> **REQUIRED WORK**: The records are to be copied from the line that contains "Кофе капсулы Field" through their last line, word for word, with every picture left out.

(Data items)
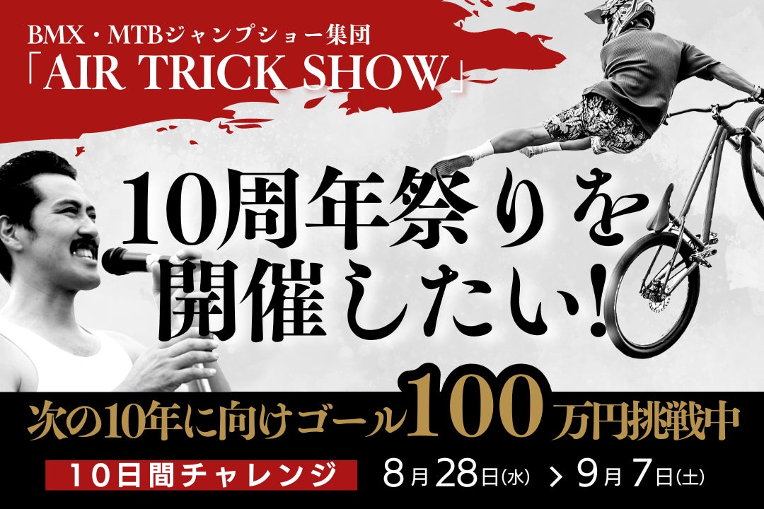 最初のショーからちょうど10年を迎える9月7日、千葉公園「芝庭エリア」で「10周年祭り」を開催し、立ち上げ当初から活躍するMTB・BMXライダーによる特別なショーを披露したいと思います。
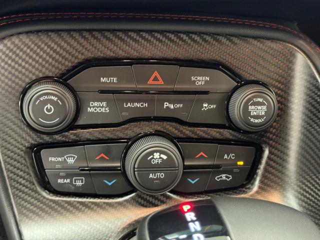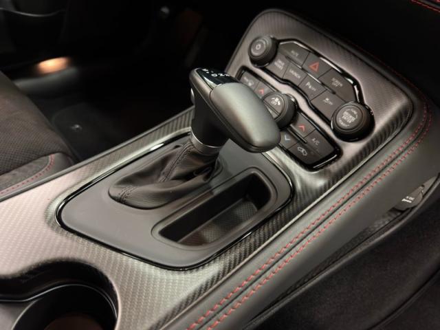 Leather clad door panels are nicely designed and augmented by red stitching and molded plastic that provides lower storage including a contoured cupholder for each front seat occupant. Special seats are demanded by this limited edition, and they are black Nappa leather surrounding Alcantara inserts and the red stitching continues to bolster aesthetics. Seatbelts are supplied with a dark red hue Dodge calls Demonic Red, while the angry bee is depicted in black and white embroidery on the seat backs. A bit less dressy and supportive in back, but they do get the red seatbelts while the steering wheel, dash pad, and center console retain the red stitching. Carbon fiber faceplates surround gauges and the shifter while an 8.4\" screen relays everything from navigation to the functions of the AM/FM radio with Uconnect and XM capability. Tight black carpet below, a padded, suede headliner above, and smooth gray panels in the trunk complete the clean presentation and new car smell!
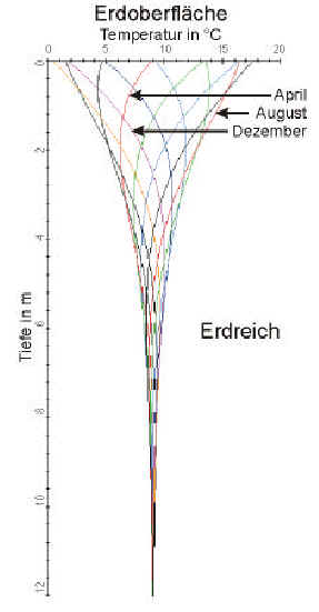 Temperaturprofils des Erdreichs durch den EWT. Obige Abbildung zeigt qualitativ, wie das
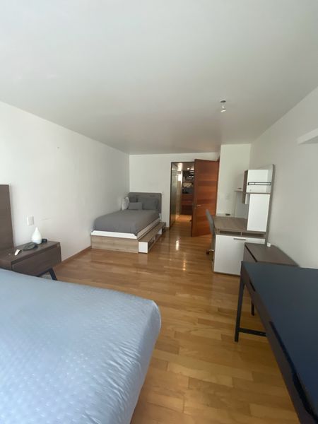 Hermoso departamento en el conjunto más exclusivo de Polanco, cuenta con 3 recámaras (dos con vestidor y una con closet), 3 baños y 2 estacionamientos ,cuarto de servicio, área de lavado, balcón, pisos de madera, estilo moderno. Con muebles renta $120,000
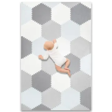 Show more Introducing the **Baby Brielle Soft Non-Toxic Extra Thick Interlocking Hexagon Foam Flooring**, designed for discerning parents who prioritize both safety and style for their little ones. Crafted with premium high-density closed-cell polyethylene, this mat promises a nurturing space where babies and toddlers can crawl, play, and explore without compromise. Measuring a generous 70.5" x 46" when assembled, it's spacious enough for engaging activities while also maintaining a chic, neutral aesthetic that blends beautifully with any home decor.
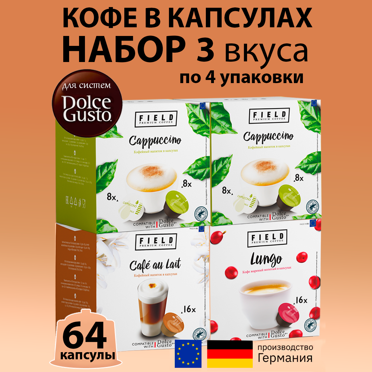 Кофе капсулы Field Dolce Gusto Cafe au Lait Cappuccino Lungo набор 64шт
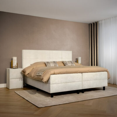 Het grote voordeel is dat u bij ons vrij kunt kiezen uit een uitgebreid assortiment stoffen en kleuren zonder meerprijs. Zo stelt u uw ideale boxspring samen, volledig naar wens en zonder verrassingen achteraf.
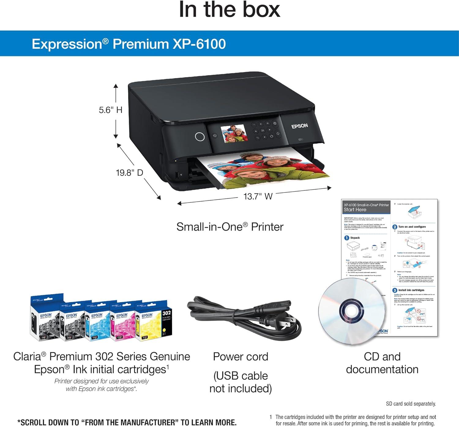 Epson Expression Premium XP-7100 Wireless Color Photo Printer with ADF, Scanner and Copier, Black, Small(XP-6100)
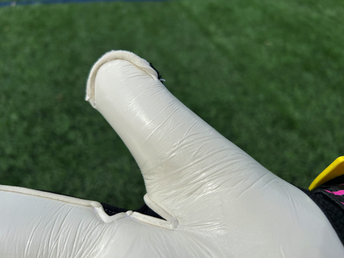 指先・付け根と両方より親指を包み込んでおり、非常にフィットする。
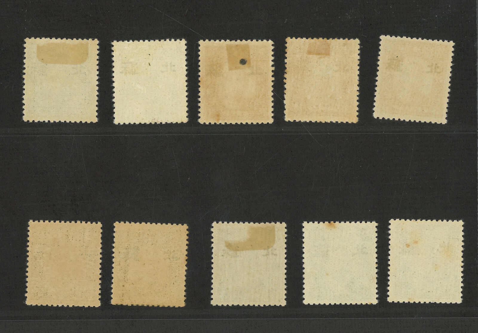 1941 Japanese occupied North China surch small figure “Supeh” on Hong Kong unwmk Print Martyrs complete set (Chan JN168-177), MNH/MLH. Very Fine.

> **WRITTEN SOLUTION**:
 Кофе капсулы Field Dolce Gusto Cafe au Lait Cappuccino Lungo набор 64шт
 Het grote voordeel is dat u bij ons vrij kunt kiezen uit een uitgebreid assortiment stoffen en kleuren zonder meerprijs. Zo stelt u uw ideale boxspring samen, volledig naar wens en zonder verrassingen achteraf.
 Epson Expression Premium XP-7100 Wireless Color Photo Printer with ADF, Scanner and Copier, Black, Small(XP-6100)
 指先・付け根と両方より親指を包み込んでおり、非常にフィットする。
 1941 Japanese occupied North China surch small figure “Supeh” on Hong Kong unwmk Print Martyrs complete set (Chan JN168-177), MNH/MLH. Very Fine.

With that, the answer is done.